Programmatic & Creative: Powerful Together

Some have said that programmatic could mean the death of creative, or that new technologies will strain the creative process. Not so, according to a recent report from eMarketer.

To set the stage: Programmatic is only going to increase in importance — 63% of U.S. digital display advertising dollars will be placed programmatically in 2016. In addition, programmatic ads will also start to appear in more places, like television and other traditional media.

Early assumptions about how programmatic will change the creative game have also grown outdated as more big brands adopt it and the segment grows beyond its low-budget beginnings. Today, consumers not only want you to know more, but they also expect you to. And ads you serve should show that you know about your consumers’ wants and needs.

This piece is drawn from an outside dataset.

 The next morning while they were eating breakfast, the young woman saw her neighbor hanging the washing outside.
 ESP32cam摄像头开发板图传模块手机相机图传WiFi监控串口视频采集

“It’s ridiculous that if you’ve just purchased a certain brand of car you then, the very next day, receive advertising in reference to purchasing that brand of car,” said Loren Grossman, president of customer experience management and chief experience officer at Annalect. “It should never happen. All of those touchpoints should be linked. They should all be dynamically creative, creatively assembled, and they should all be data-driven so that each touchpoint is iterative in its understanding of you, as opposed to discrete. I believe that’s where the industry is going within the next 10 years.”

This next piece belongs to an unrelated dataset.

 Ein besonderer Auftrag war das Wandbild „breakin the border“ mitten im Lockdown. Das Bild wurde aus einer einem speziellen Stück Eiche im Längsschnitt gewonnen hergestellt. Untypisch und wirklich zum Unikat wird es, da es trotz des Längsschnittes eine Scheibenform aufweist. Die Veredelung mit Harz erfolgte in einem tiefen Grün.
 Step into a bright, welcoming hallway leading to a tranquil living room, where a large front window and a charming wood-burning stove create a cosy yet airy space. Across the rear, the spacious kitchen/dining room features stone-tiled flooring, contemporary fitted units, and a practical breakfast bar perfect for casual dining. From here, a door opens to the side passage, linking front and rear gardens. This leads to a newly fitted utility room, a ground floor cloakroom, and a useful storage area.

But many have trouble getting a basic understanding of programmatic creative. EMarketer defines it this way: “Programmatic creative is creative that is broken down into its component parts and then reassembled on the fly, based on what is known about the audience, or the individual, that the ad is being served to.” To help you get a fix on what’s what, check out the section of eMarketer’s report “Programmatic and Creative: Cutting through the jargon.”

So how do you reconcile the programmatic with creative? The answer may lie in technology that helps improve the speed and efficiency of getting creative to market, just like tech platforms helped revolutionize the ad game.

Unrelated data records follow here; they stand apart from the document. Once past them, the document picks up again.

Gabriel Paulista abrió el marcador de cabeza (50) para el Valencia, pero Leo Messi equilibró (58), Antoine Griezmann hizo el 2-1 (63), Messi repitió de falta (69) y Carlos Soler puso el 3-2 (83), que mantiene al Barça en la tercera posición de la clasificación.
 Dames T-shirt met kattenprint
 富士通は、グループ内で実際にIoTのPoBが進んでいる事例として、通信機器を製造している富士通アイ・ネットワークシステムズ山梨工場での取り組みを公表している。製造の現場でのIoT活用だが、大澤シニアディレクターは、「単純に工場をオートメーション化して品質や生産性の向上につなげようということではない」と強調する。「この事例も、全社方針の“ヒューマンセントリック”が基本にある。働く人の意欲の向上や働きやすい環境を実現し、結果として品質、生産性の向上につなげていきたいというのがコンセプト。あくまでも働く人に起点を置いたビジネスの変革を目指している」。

“Technology does not quell creativity, in fact, there’s a great deal of evidence that suggests that technology enhances creativity,” writes Forbes contributor Greg Satell.

The bottom line: Data and creative have to work together and the creative director is just as important as ever, if not more so. The relationship between analysts and the creative side of the house is going to grow closer, not further apart.

“What we don’t want to have happen is to use this very scientific tool and make creative directors go away. Data has given precision and a lot more science to these fields, but I don’t think we should do away with intuition entirely,” Fatemeh Khatibloo, a senior analyst who studies marketing and big data at Forrester Research, told The New York Times in an article published last fall.